Work order. Every line below should be copied exactly; drop the pictures.

=== Section Start ===

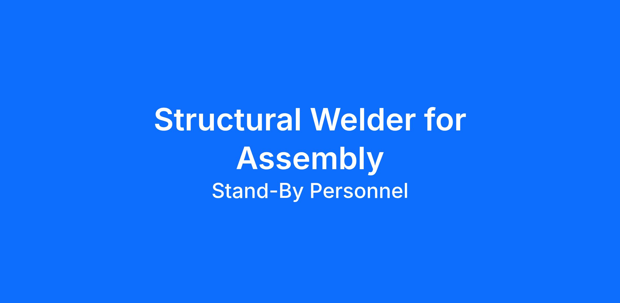 This is a strong opportunity for skilled professionals seeking consistent hours and long-term potential in a Structural Welder for Assembly role.
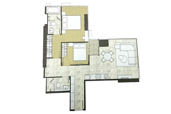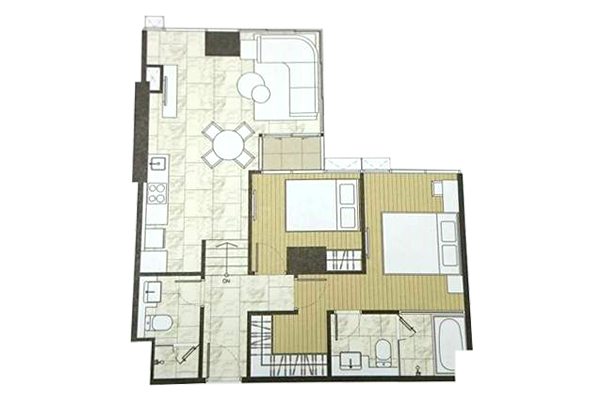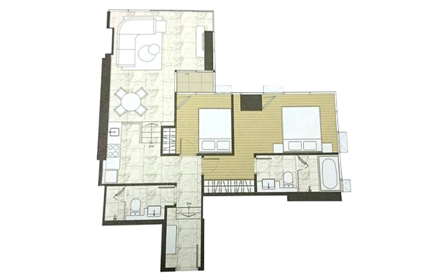 ตัวอย่าง ห้องแบบ 2 ห้องนอน 2 ห้องน้ำ (Vertical Interlocking) - พื้นที่ใช้สอย 86.00-86.50 ตร.ม.
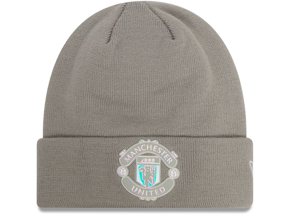 New Era Man UTD Iridescent Cuff Knit Beanie Hat Grey
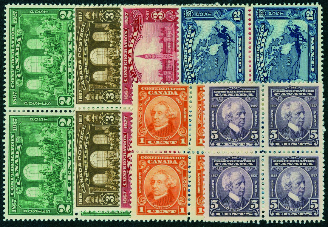 CANADA: 1917-27 50th & 60th Anniversary of Confederation (Scott 135, 141-5), total six values complete, all in blocks of four, fine mint, hinged top pair only (24).
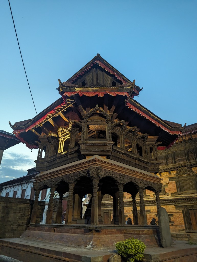 The walk eventually took us back round to Tachupal Tole, which was a smaller square in Bhaktapur and boasted two impressive temples. In front of one, a group of Krishna Consciousness devotees were doing a Hare Krishna chant and dance, which we watched for a while before wandering on further to complete our loop of Bhaktapur at the last of the three squares, Taumadhi Tole. Taumadhi Tole backed onto Durbar Square, and had two of Bhaktapur’s finest temples – one dedicated to the goddess Parvati and the other to Shiva. Here we stopped at a rooftop bar for a beer as the sun set over the beautiful square, then walked a little way down the road to a Thai restaurant.
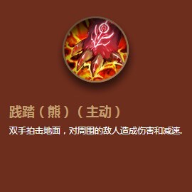 【主动-践踏(熊)】:双手拍击地面,对周围的敌人造成伤害和减速
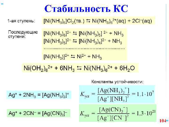 Сравнение устойчивости аммиачных комплексов Ступени комплексообразования • [Cu(NH 3)2]+ K 2(обр) = 5, 0· 104 • [Cu(NH 3)]+K 1(обр) = 1, 4· 106 Природа комплексообразователя • [Cu(NH 3)2]+ 2(обр) = 7, 0· 1010 • [Ag(NH 3)2]+ 2(обр) = 1, 1· 107 Комплекс Cu(I) устойчивее, чем комплекс Ag(I) Степень окисления комплексообразователя • [Co. II(NH 3)6]2+ 6(обр) = 1, 3· 105 • [Co. III(NH 3)6]3+ 6(обр) = 3, 2· 1032 Комплекс Co(III) устойчивее, чем комплекс Co(II)
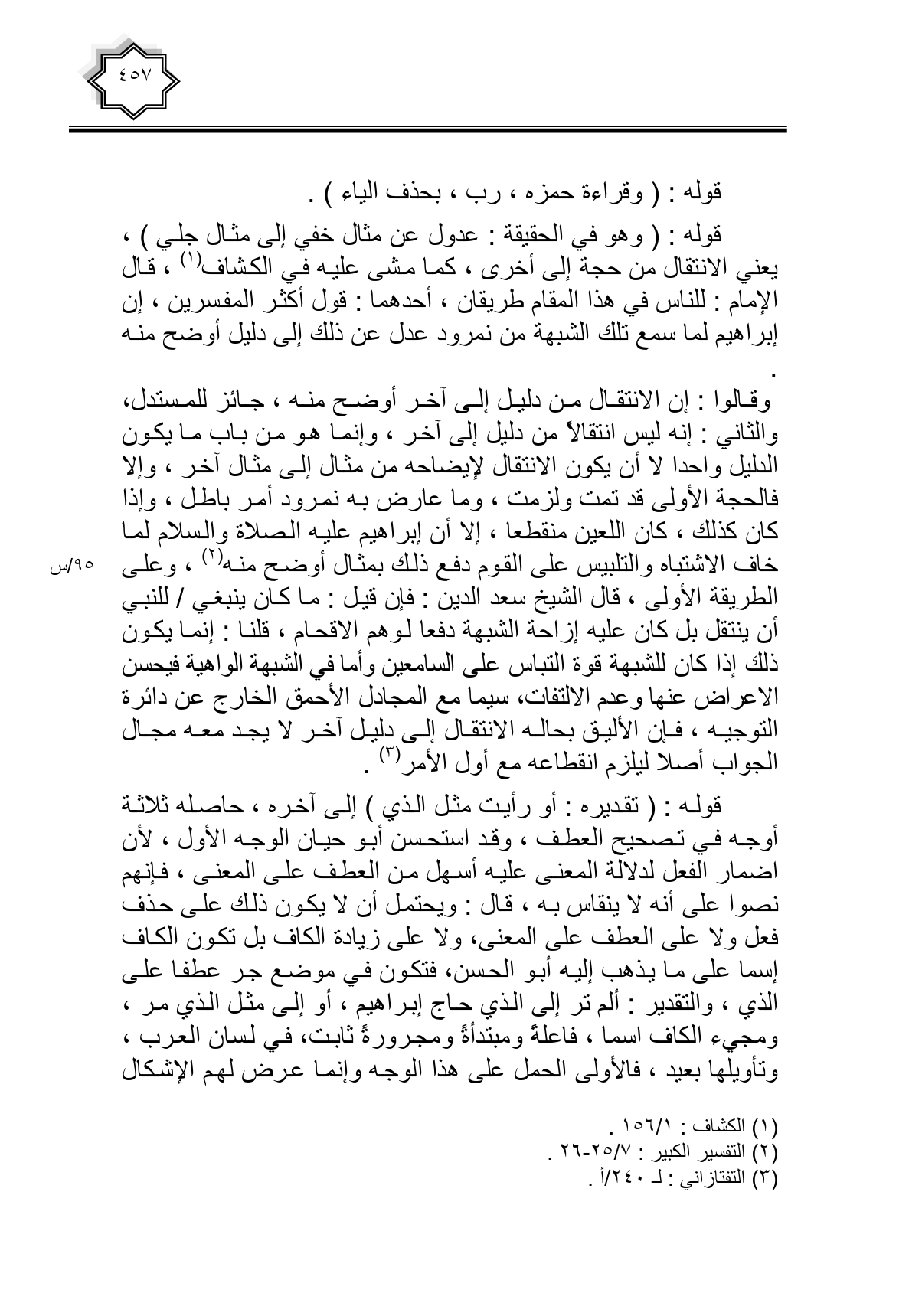 وقالوا: إن الانتقال من دليل إلى آخر أوضح منه، جائز للمستدل، والثاني: إنه ليس انتقالا من دليل إلى آخر، وإنما هو من باب ما يكون الدليل واحدا لا أن يكون الانتقال لإيضاحه من مثال إلى مثال آخر، وإلا فالحجة الأولى قد تمت ولزمت، وما عارض به نمرود أمر باطل، وإذا كان كذلك، كان اللعين منقطعا، إلا أن إبراهيم عليه الصلاة والسلام لما خاف الاشتباه والتلبيس على القوم دفع ذلك بمثال أوضح منه، وعلى الطريقة الأولى، قال الشيخ سعد الدين: فإن قيل: ما كان ينبغي/ للنبي أن ينتقل بل كان عليه إزاحة الشبهة دفعا لوهم الإقحام، قلنا: إنما يكون ذلك إذا كان للشبهة قوة التباس على السامعين وأما في الشبهة الواهية فيحسن الإعراض عنها وعدم الالتفات، سيما مع المجادل الأحمق الخارج عن دائرة التوجيه، فإن الأليق بحاله الانتقال إلى دليل آخر لا يجد معه مجال الجواب أصلا ليلزم انقطاعه مع أول الأمر.
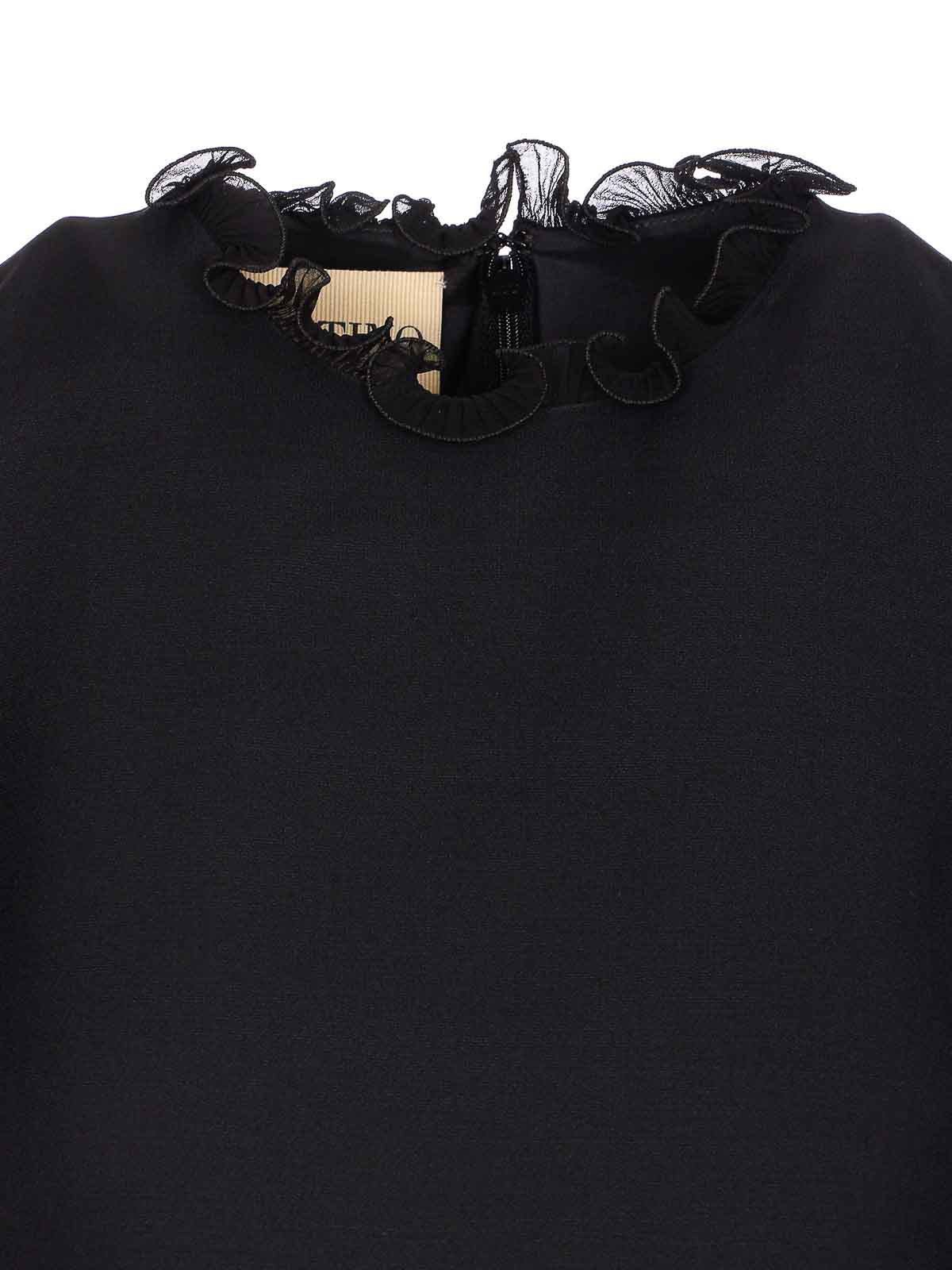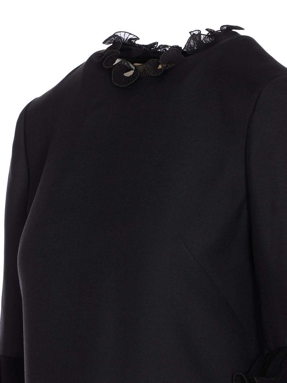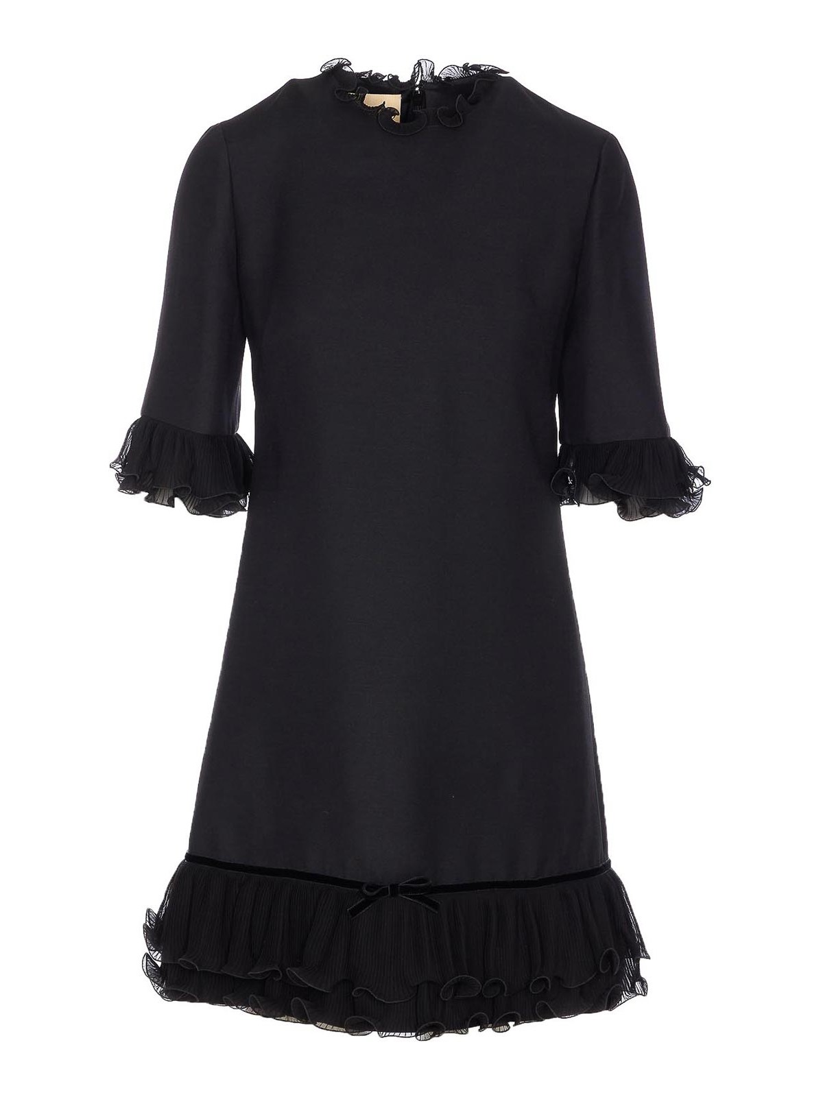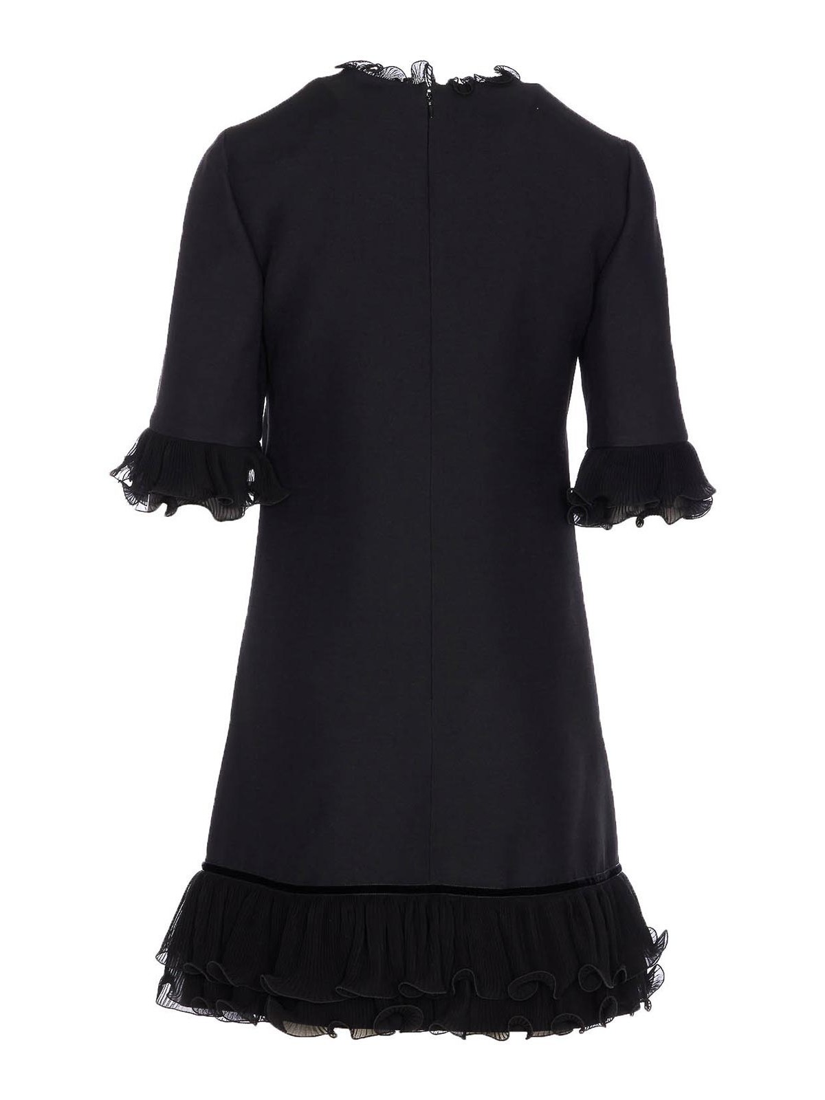 Valentino garavani black dress, back zip closure, shorts sleeves, rouches pleated detail at profiles
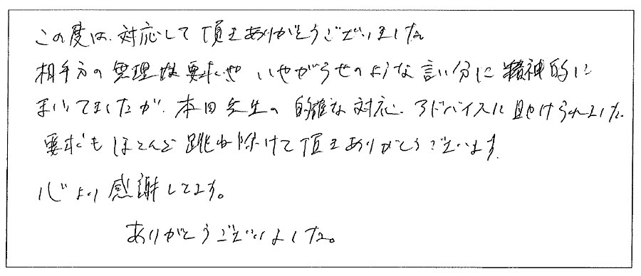 今回、本田先生にお願いした件は、遠方で面倒な事件だったにもかかわらずお引き受け頂き、大変感謝しています。先生には色々とご迷惑をおかけいたしましたが、希望どおりに解決して頂き、とても信頼できる先生にお願いすることができて、心から良かったと思っています。本当にありがとうございました。
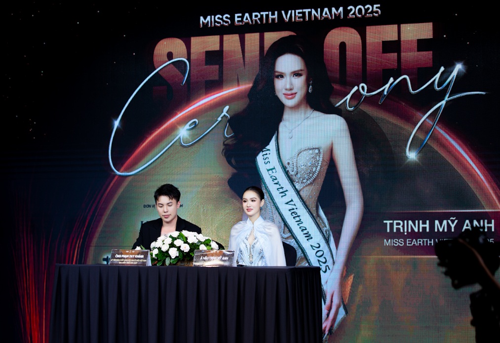 Tại phần giao lưu với báo chí, Trịnh Mỹ Anh diện áo dài Linh San, tự tin trả lời trước các thắc mắc xoay quanh quá trình chuẩn bị của mình. Cô khẳng định kể từ giây phút đăng quang đến nay, bản thân đã không ngừng nỗ lực – từng ngày trau dồi, rèn luyện và hoàn thiện mình để sẵn sàng cho hành trình Miss Earth 2025 sắp tới.
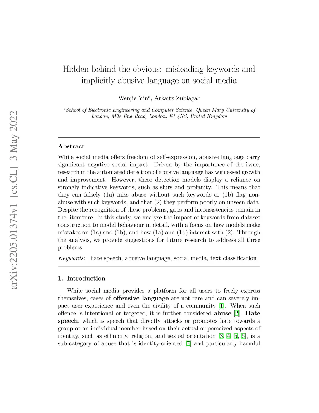 Hidden behind the obvious: misleading keywords and implicitly abusive
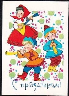 Открытка С праздником! (худ. И. Искринская), 10х7 см
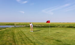 Priele und andere natürliche Wasserhindernisse und der fast ständig wehende Wind machen diesen Links-Course zu einem besonderen Erlebnis - unmittelbar am UNESCO Weltnaturerbe Wattenmeer und nur 5 km vom Nordsee-Heilbad Büsum entfernt.

=== Section End ===

Result of the task.
 This is a strong opportunity for skilled professionals seeking consistent hours and long-term potential in a Structural Welder for Assembly role.
 ตัวอย่าง ห้องแบบ 2 ห้องนอน 2 ห้องน้ำ (Vertical Interlocking) - พื้นที่ใช้สอย 86.00-86.50 ตร.ม.
 New Era Man UTD Iridescent Cuff Knit Beanie Hat Grey
 CANADA: 1917-27 50th & 60th Anniversary of Confederation (Scott 135, 141-5), total six values complete, all in blocks of four, fine mint, hinged top pair only (24).
 The walk eventually took us back round to Tachupal Tole, which was a smaller square in Bhaktapur and boasted two impressive temples. In front of one, a group of Krishna Consciousness devotees were doing a Hare Krishna chant and dance, which we watched for a while before wandering on further to complete our loop of Bhaktapur at the last of the three squares, Taumadhi Tole. Taumadhi Tole backed onto Durbar Square, and had two of Bhaktapur’s finest temples – one dedicated to the goddess Parvati and the other to Shiva. Here we stopped at a rooftop bar for a beer as the sun set over the beautiful square, then walked a little way down the road to a Thai restaurant.
 【主动-践踏(熊)】:双手拍击地面,对周围的敌人造成伤害和减速
 Сравнение устойчивости аммиачных комплексов Ступени комплексообразования • [Cu(NH 3)2]+ K 2(обр) = 5, 0· 104 • [Cu(NH 3)]+K 1(обр) = 1, 4· 106 Природа комплексообразователя • [Cu(NH 3)2]+ 2(обр) = 7, 0· 1010 • [Ag(NH 3)2]+ 2(обр) = 1, 1· 107 Комплекс Cu(I) устойчивее, чем комплекс Ag(I) Степень окисления комплексообразователя • [Co. II(NH 3)6]2+ 6(обр) = 1, 3· 105 • [Co. III(NH 3)6]3+ 6(обр) = 3, 2· 1032 Комплекс Co(III) устойчивее, чем комплекс Co(II)
 وقالوا: إن الانتقال من دليل إلى آخر أوضح منه، جائز للمستدل، والثاني: إنه ليس انتقالا من دليل إلى آخر، وإنما هو من باب ما يكون الدليل واحدا لا أن يكون الانتقال لإيضاحه من مثال إلى مثال آخر، وإلا فالحجة الأولى قد تمت ولزمت، وما عارض به نمرود أمر باطل، وإذا كان كذلك، كان اللعين منقطعا، إلا أن إبراهيم عليه الصلاة والسلام لما خاف الاشتباه والتلبيس على القوم دفع ذلك بمثال أوضح منه، وعلى الطريقة الأولى، قال الشيخ سعد الدين: فإن قيل: ما كان ينبغي/ للنبي أن ينتقل بل كان عليه إزاحة الشبهة دفعا لوهم الإقحام، قلنا: إنما يكون ذلك إذا كان للشبهة قوة التباس على السامعين وأما في الشبهة الواهية فيحسن الإعراض عنها وعدم الالتفات، سيما مع المجادل الأحمق الخارج عن دائرة التوجيه، فإن الأليق بحاله الانتقال إلى دليل آخر لا يجد معه مجال الجواب أصلا ليلزم انقطاعه مع أول الأمر.
 Valentino garavani black dress, back zip closure, shorts sleeves, rouches pleated detail at profiles
 今回、本田先生にお願いした件は、遠方で面倒な事件だったにもかかわらずお引き受け頂き、大変感謝しています。先生には色々とご迷惑をおかけいたしましたが、希望どおりに解決して頂き、とても信頼できる先生にお願いすることができて、心から良かったと思っています。本当にありがとうございました。
 Tại phần giao lưu với báo chí, Trịnh Mỹ Anh diện áo dài Linh San, tự tin trả lời trước các thắc mắc xoay quanh quá trình chuẩn bị của mình. Cô khẳng định kể từ giây phút đăng quang đến nay, bản thân đã không ngừng nỗ lực – từng ngày trau dồi, rèn luyện và hoàn thiện mình để sẵn sàng cho hành trình Miss Earth 2025 sắp tới.
 Hidden behind the obvious: misleading keywords and implicitly abusive
 Открытка С праздником! (худ. И. Искринская), 10х7 см
 Priele und andere natürliche Wasserhindernisse und der fast ständig wehende Wind machen diesen Links-Course zu einem besonderen Erlebnis - unmittelbar am UNESCO Weltnaturerbe Wattenmeer und nur 5 km vom Nordsee-Heilbad Büsum entfernt.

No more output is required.